Women had to be between 18 and 43 years of age with a regular menstrual cycle, or ovulatory after ovulation induction in women with normogonadotrophic anovulation. Women with normogonadotrophic anovulation started ovulation induction according to local protocol with clomiphene citrate or letrozole. After ovulation was detected by a basal temperature chart or ultrasound monitoring, women could start insemination with donor sperm in the next cycle.
Women with known double-sided tubal pathology, irregular menstrual cycles, or IVF or IUI in their history were not eligible. Heterosexual couples after failed ICSI or ICSI with testicular sperm extraction were excluded from the study if there was a history of female factors, such as low ovarian response during ICSI treatment.
Sperm donors
In the Netherlands, all sperm donors were non-anonymous according to national legislation (Staatsblad, 2002). In Belgium, sperm donors could be non-anonymous or anonymous (Senaat, 2005-2006). The screening and selection procedure was performed according to local protocols, adapted from the European Union tissue directive (EU 2004/23/EC).
Interventions
We treated couples for a maximum of six cycles within a time horizon of 8 months. Ovulation was detected by urinary or serum LH tests or transvaginal sonography, depending on the local protocol of the fertility clinic. In case of monitoring with urinary LH tests, women tested their urine once per day, starting on an individually calculated cycle day based on their basal body temperature chart of the previous cycle. Insemination followed within 24 h of LH detection in urine. In case of monitoring with serum LH measurements, women were tested from cycle Day 11 onwards and insemination followed within 24 h of the serum LH rise. In case of monitoring by transvaginal sonography, women were followed until a dominant follicle was present with a diameter of at least 16 mm. Insemination followed after ovulation triggering by hCG (Pregnyl, Organon, Oss, the Netherlands) 36–40 h thereafter.
In the ICI cycles, inseminations were performed with unprocessed cryopreserved semen by cap or by straw. In the IUI cycles, inseminations were performed with processed semen. The processing could be done in one of two ways depending on the local laboratory protocol. The first technique was that the unprocessed semen was first cryopreserved and thawed, and then processed against a density gradient centrifugation and/or a washing step with culture medium. The second technique was that semen was first processed against a density gradient centrifugation and/or a washing step with culture medium and then cryopreserved.
All inseminations were performed in the clinics.

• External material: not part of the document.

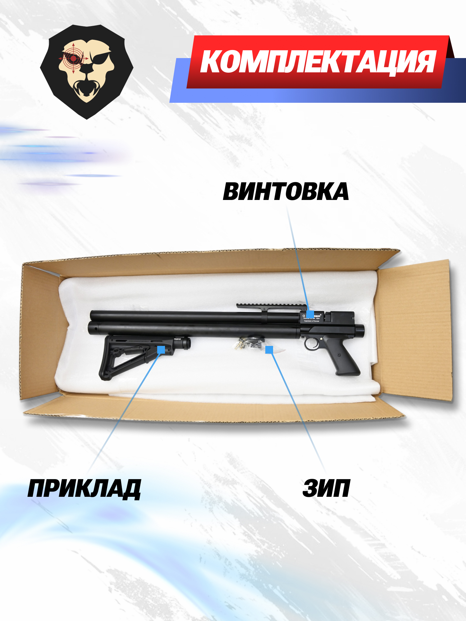 | Комплектация | Винтовка, магазин, ключ для манометра, упаковка, набор запасных РТИ, заправочный штуцер, краткая документация, копия сертификата (по запросу покупателя) |

Women were treated for a maximum of six cycles or until pregnancy occurred within a time horizon of 8 months. Clinical and ongoing pregnancies were confirmed by ultrasound.
Outcome measures
The primary outcome was conception leading to live birth per woman, defined as any baby born alive with a gestational age beyond 24 weeks. Pregnancies that occurred within the first 8 months after randomization counted for assessment of the primary outcome.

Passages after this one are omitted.